Directions for this task: In the entries below, begin at the line that has "Тип ТС AUDI RS4", stop after the line that has "- Goodman, K.M.;", and output those lines exactly with no pictures.

Materials provided:
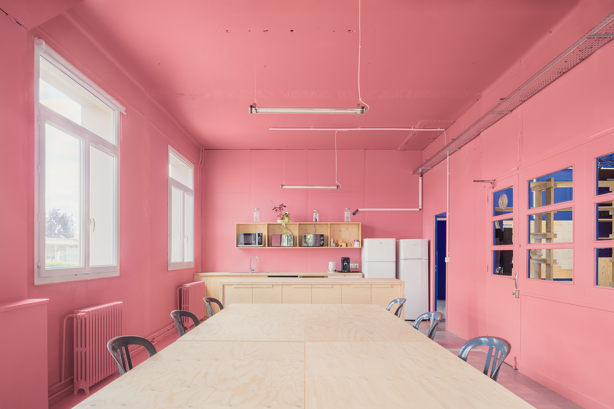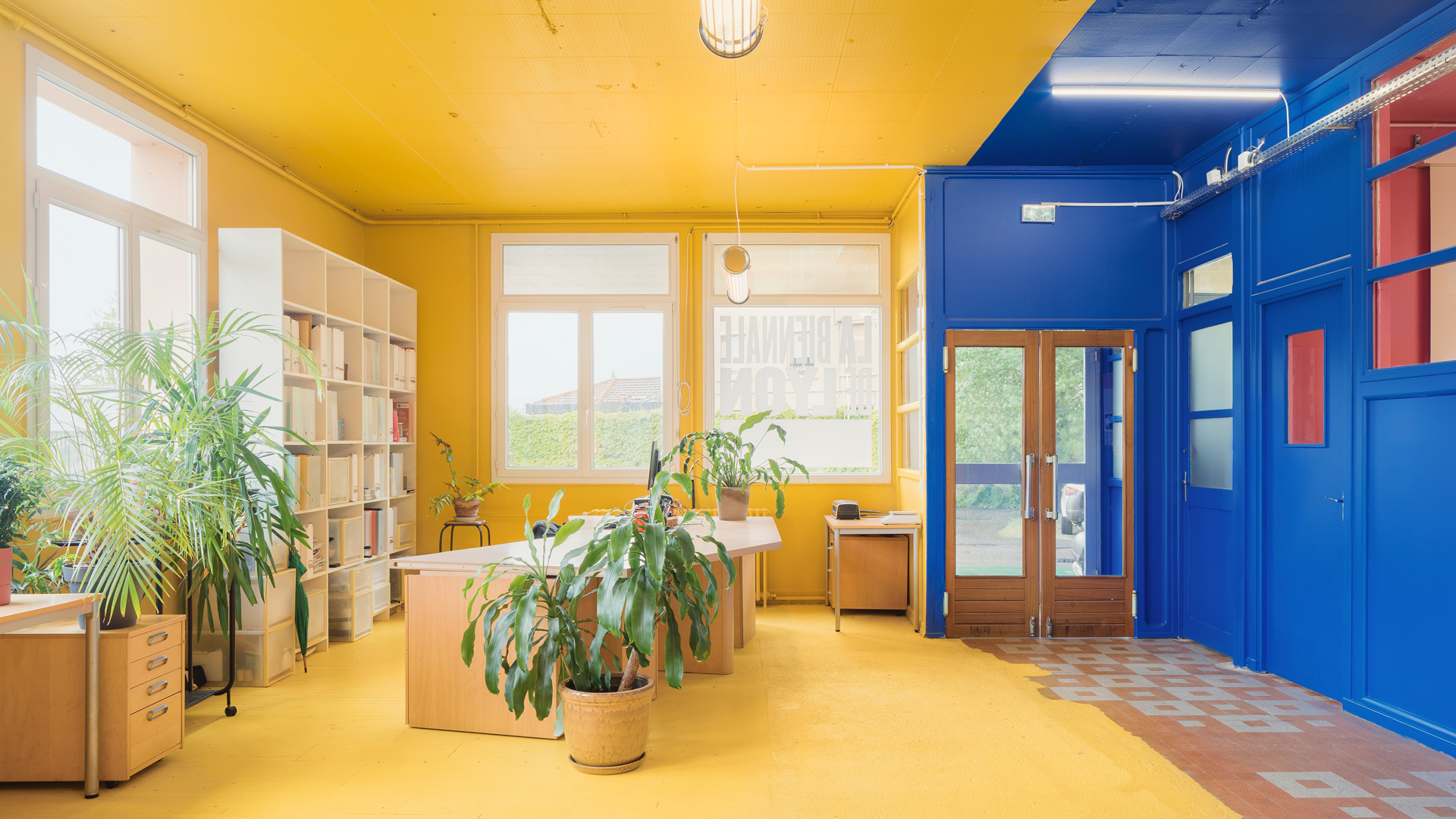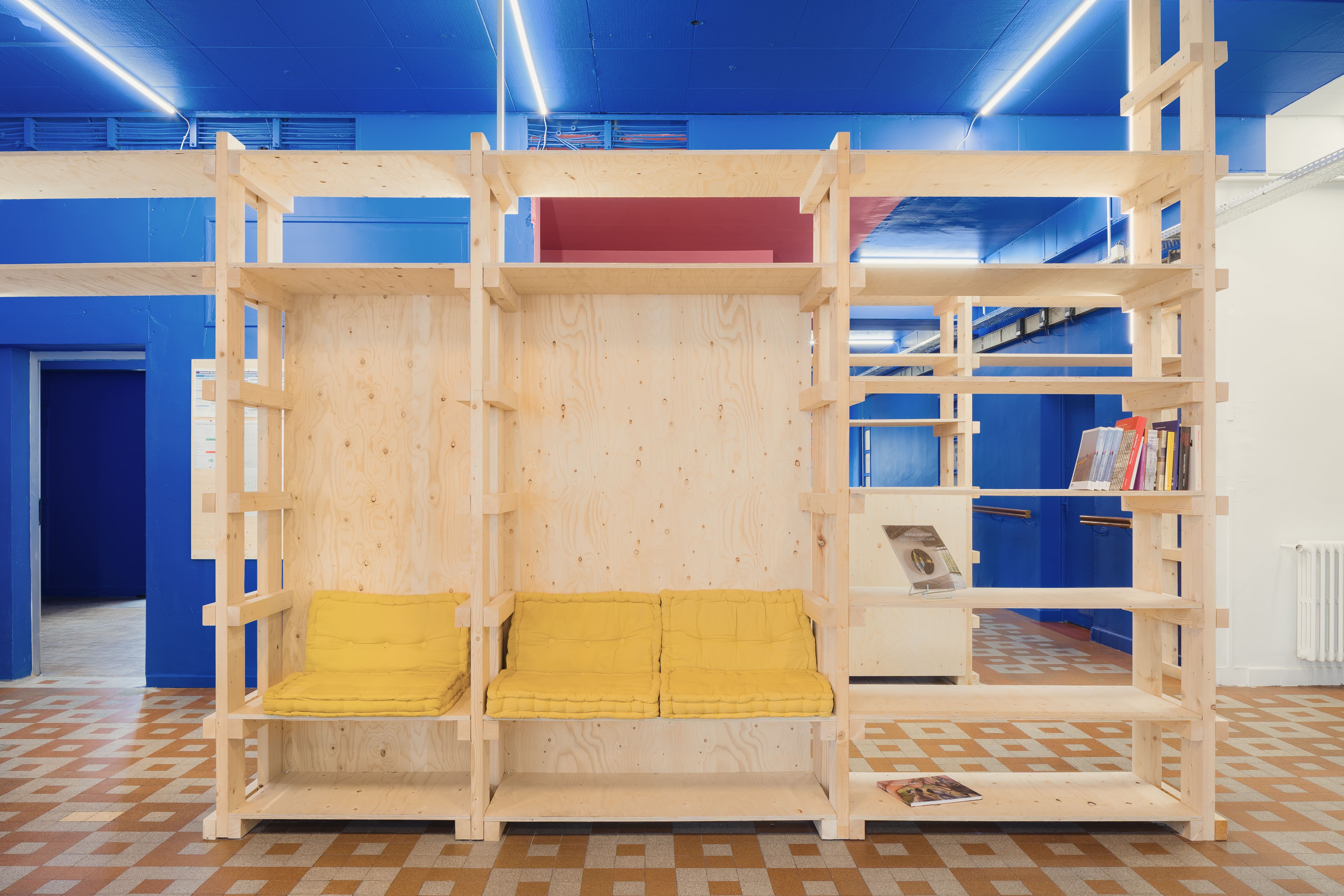 Des étagères en bois sur mesure permettent d’aménager les différents espaces sont réalisées en bois issu de la scénographie des expositions des biennales. Les ajouts comme les nouveaux réseaux électriques, le mobilier se détachent de l’intervention chromatique. Les aplats de couleurs viennent recouvrir l’existant, harmoniser mais également magnifier les imperfections et petits désordres de l’édifice. Telle une oeuvre d’art monochrome, la lumière, la matière et la volumétrie de l’architecture sont ainsi mises en valeur.
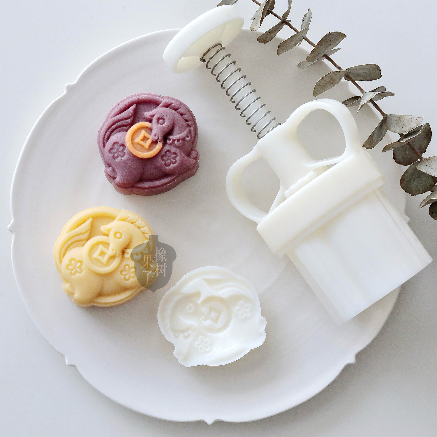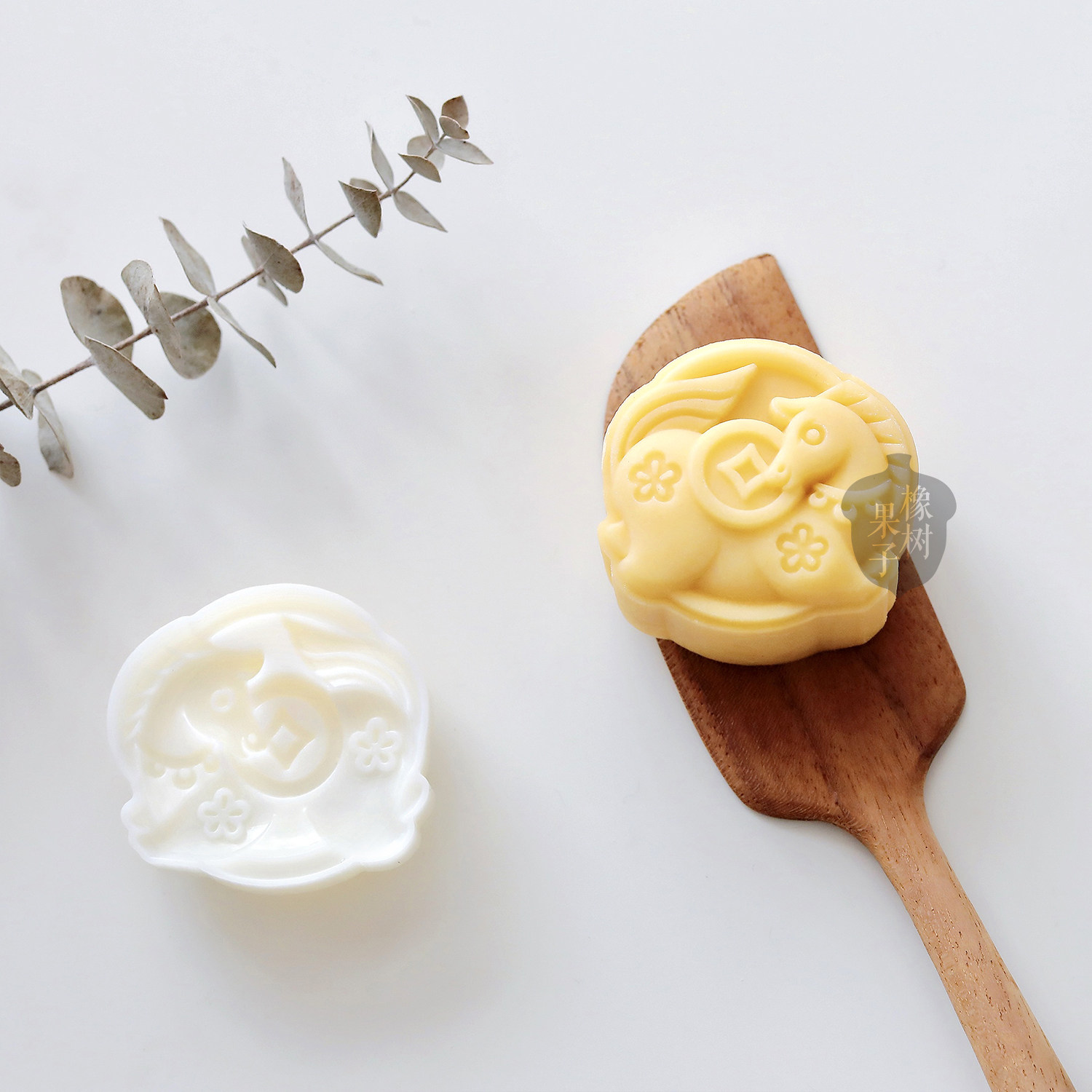50g马年招财开运酥糕点模 马上有钱中秋月饼模具小马立体曲奇压模
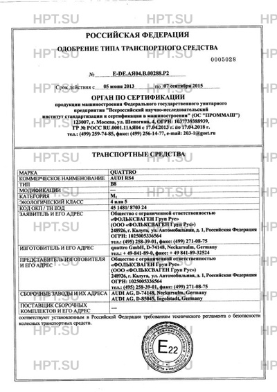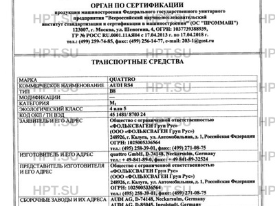 Тип ТС AUDI RS4
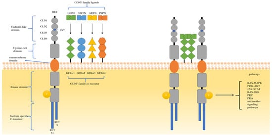 - Goodman, K.M.; Kjær, S.; Beuron, F.; Knowles, P.P.; Nawrotek, A.; Burns, E.M.; Purkiss, A.G.; George, R.; Santoro, M.; Morris, E.P.; et al. RET Recognition of GDNF-GFRα1 Ligand by a Composite Binding Site Promotes Membrane-Proximal Self-Association. Cell Rep. 2014, 8, 1894–1904. [Google Scholar] [CrossRef]
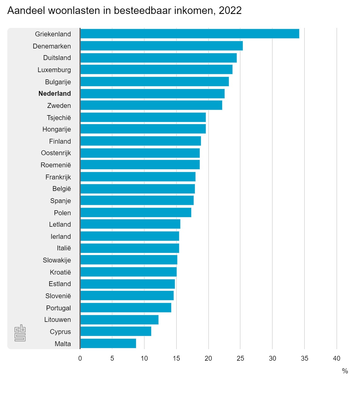 Nederlanders besteden gemiddeld 23 procent van hun besteedbaar inkomen aan woonlasten. Dit plaatst Nederland op de zesde plaats binnen de Europese Unie. In 2023 waren de huurprijzen in Nederland 18,5 procent hoger dan in 2015, waarmee Nederland zich in de middenmoot bevindt van Europese huurprijsstijgingen. Deze informatie is afkomstig van het CBS, dat woonlasten in de EU heeft vergeleken.
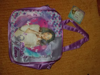 Piccola borsetta con stampa di Violetta Disney. Ideale per bambine. - Design colorato con note musicali e farfalle. - Manici in raso viola.
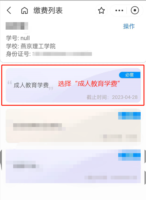 第三步:登录成功后进入缴费页面,选择缴费项目“成人教育学费”

Solved exercise:
 Тип ТС AUDI RS4
 - Goodman, K.M.; Kjær, S.; Beuron, F.; Knowles, P.P.; Nawrotek, A.; Burns, E.M.; Purkiss, A.G.; George, R.; Santoro, M.; Morris, E.P.; et al. RET Recognition of GDNF-GFRα1 Ligand by a Composite Binding Site Promotes Membrane-Proximal Self-Association. Cell Rep. 2014, 8, 1894–1904. [Google Scholar] [CrossRef]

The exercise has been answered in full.